Re: Design question: handling hundreds of state machines in a Web context
by RichardK (Parson) on Jan 02, 2013 at 18:34 UTC

    I agree with Corion, store your state in an ACID database then state changes can happen in transactions. I'd choose postgresql but YMMV.

    From what you've described, I don't think you'd get much advantage from a queueing system but without seeing a full & detailed spec it's difficult to tell :)

Re: Design question: handling hundreds of state machines in a Web context
by sundialsvc4 (Abbot) on Jan 02, 2013 at 21:07 UTC

    It appears to me, technically speaking, that you actually have a pretty well-defined situation:   each Web session can be identified (through login-information maintained by cookies) to belong to a particular “customer,” hence to a particular (by some means selected...) “state machine” (“workflow”), and hence, per-session, to a particular flow point (“present state”) within that workflow ... by which the current set of POST or GET inputs can be responded-to.

    There are already numerous workflow-driven architectures in CPAN, e.g. POE, which, even if they are not entirely applicable, certainly can be used as architectural examples.   Yes, you probably will need to “hard-code the actions,” and there are many examples such as these of potential infrastructure. (Edit: AnyEvent?   Others?   Definitely ... check ’em out.   CPAN’s your oyster and your cornucopia ...)

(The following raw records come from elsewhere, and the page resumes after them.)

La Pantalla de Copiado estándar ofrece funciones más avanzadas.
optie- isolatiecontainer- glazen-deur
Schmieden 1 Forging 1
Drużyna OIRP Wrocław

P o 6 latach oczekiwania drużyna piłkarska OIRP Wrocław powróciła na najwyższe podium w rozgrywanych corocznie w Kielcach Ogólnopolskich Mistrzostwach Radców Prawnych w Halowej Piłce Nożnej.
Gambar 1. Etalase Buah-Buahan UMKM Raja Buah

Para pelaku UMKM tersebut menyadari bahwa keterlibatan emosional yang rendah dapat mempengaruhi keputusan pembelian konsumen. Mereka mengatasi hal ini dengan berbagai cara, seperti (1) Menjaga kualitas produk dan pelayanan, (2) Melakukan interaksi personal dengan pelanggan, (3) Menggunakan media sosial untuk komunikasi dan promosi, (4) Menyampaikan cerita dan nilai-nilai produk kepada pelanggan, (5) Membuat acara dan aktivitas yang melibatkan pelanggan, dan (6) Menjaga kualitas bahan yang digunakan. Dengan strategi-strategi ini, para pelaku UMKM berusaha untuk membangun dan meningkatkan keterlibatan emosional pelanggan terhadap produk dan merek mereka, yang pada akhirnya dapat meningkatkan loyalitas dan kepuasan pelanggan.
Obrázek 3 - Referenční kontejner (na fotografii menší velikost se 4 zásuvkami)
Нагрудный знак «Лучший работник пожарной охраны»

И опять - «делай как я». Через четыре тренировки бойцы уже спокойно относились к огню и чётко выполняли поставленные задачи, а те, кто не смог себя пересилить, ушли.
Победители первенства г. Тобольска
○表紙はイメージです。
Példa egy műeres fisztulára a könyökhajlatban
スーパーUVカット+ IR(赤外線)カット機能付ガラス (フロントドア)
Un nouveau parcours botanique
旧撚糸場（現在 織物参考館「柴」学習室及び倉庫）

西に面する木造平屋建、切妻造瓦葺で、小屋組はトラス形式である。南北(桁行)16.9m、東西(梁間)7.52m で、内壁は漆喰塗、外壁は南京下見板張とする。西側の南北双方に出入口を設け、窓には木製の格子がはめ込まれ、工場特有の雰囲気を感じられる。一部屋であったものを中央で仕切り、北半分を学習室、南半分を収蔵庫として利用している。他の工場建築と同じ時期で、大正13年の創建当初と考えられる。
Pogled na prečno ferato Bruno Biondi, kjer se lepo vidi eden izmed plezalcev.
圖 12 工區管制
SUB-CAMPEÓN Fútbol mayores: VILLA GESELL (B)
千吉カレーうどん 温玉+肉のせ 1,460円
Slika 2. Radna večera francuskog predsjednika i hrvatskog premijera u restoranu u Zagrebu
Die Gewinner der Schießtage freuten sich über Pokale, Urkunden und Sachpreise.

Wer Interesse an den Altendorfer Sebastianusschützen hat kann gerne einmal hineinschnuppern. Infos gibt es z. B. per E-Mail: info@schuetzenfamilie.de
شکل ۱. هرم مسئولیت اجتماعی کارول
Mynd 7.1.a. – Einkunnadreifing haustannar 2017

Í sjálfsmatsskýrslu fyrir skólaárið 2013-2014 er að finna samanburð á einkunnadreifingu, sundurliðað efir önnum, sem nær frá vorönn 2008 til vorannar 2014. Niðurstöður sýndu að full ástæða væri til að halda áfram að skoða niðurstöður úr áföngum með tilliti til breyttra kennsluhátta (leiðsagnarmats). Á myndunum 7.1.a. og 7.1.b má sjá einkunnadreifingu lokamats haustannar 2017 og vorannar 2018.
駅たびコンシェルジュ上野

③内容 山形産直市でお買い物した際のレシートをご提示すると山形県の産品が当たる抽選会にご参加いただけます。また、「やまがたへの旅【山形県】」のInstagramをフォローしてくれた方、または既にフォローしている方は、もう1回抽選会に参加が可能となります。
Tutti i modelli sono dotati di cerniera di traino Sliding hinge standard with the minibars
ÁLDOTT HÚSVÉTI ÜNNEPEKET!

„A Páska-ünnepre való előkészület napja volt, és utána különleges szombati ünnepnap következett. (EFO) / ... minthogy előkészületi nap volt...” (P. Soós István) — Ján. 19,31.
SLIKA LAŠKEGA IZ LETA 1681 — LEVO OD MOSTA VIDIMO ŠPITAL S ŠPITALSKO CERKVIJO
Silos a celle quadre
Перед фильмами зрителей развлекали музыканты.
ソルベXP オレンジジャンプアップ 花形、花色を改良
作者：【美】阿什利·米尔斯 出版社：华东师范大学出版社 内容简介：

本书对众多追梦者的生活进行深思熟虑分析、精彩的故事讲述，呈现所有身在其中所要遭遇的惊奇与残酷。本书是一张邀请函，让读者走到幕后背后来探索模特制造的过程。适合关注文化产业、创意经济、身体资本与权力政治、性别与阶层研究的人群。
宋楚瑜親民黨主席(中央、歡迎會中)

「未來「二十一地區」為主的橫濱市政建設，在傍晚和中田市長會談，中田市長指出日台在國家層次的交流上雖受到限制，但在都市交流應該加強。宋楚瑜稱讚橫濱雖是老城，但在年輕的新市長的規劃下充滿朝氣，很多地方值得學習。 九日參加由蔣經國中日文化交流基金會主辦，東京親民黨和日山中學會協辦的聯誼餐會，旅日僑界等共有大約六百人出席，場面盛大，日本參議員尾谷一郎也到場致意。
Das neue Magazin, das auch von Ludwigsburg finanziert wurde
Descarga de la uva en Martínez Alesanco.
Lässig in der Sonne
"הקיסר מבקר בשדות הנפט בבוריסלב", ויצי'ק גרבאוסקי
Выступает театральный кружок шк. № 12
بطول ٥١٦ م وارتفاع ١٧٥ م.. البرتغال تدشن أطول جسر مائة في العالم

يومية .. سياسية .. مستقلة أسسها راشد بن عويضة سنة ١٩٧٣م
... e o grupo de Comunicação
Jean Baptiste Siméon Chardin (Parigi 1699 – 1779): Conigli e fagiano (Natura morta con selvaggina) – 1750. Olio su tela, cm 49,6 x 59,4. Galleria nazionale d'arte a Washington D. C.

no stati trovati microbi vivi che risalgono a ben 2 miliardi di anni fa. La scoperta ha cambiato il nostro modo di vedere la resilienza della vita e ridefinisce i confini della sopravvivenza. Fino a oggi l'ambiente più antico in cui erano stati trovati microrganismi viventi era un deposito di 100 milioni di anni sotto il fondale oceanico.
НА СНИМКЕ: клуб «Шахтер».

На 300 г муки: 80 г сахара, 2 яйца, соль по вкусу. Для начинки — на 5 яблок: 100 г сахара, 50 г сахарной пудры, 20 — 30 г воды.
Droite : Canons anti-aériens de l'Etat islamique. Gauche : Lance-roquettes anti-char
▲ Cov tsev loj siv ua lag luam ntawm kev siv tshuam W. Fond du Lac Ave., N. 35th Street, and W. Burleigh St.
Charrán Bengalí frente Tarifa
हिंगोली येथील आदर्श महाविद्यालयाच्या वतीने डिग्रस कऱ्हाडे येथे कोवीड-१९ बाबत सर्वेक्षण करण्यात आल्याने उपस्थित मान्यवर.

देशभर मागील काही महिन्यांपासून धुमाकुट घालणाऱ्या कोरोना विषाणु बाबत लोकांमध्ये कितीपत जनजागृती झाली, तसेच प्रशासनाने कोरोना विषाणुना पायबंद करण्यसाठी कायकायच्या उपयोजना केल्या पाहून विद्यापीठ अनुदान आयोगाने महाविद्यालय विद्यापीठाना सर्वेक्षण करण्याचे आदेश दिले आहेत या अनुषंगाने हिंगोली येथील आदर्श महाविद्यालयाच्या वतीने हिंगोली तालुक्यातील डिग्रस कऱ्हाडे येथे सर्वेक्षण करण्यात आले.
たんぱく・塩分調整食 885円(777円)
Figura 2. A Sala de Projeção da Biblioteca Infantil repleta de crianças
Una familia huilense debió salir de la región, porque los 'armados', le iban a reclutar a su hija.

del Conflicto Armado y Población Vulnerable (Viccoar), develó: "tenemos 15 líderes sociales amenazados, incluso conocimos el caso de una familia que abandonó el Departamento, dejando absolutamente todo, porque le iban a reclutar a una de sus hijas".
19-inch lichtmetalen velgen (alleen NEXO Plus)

    Thinking off-the-shelf about this, I think that the individual request processing sequence (as implemented e.g. by Catalyst and supported by PostGres or whatever-other state backing store), would be:

    1. Identify the user session in the customary way.   (Catalyst handles this...)
    2. From the session information, determine what state-machine definition is being used and the present state.   Instantiate that state-machine and set it to the present state.
    3. Submit the inputs to the state machine and gather its response.
    4. Update the new-state information into the session data store.
    5. Return the information provided by the state-machine to the user.
    6. Clean-up in anticipation of the forthcoming next request.

    In this model, it doesn’t matter how many users there are, nor how many finite state-machines (FSMs) there are, as long as the state machines follow some predictable taxonomy constructed from a reasonably flexible set of underlying, Perl-implemented primitive actions.   You instantiate the FSM, feed it inputs, save its new-state, return its outputs to the client, and you’re done.   That is certainly a well-trod footpath... and infinitely scalable.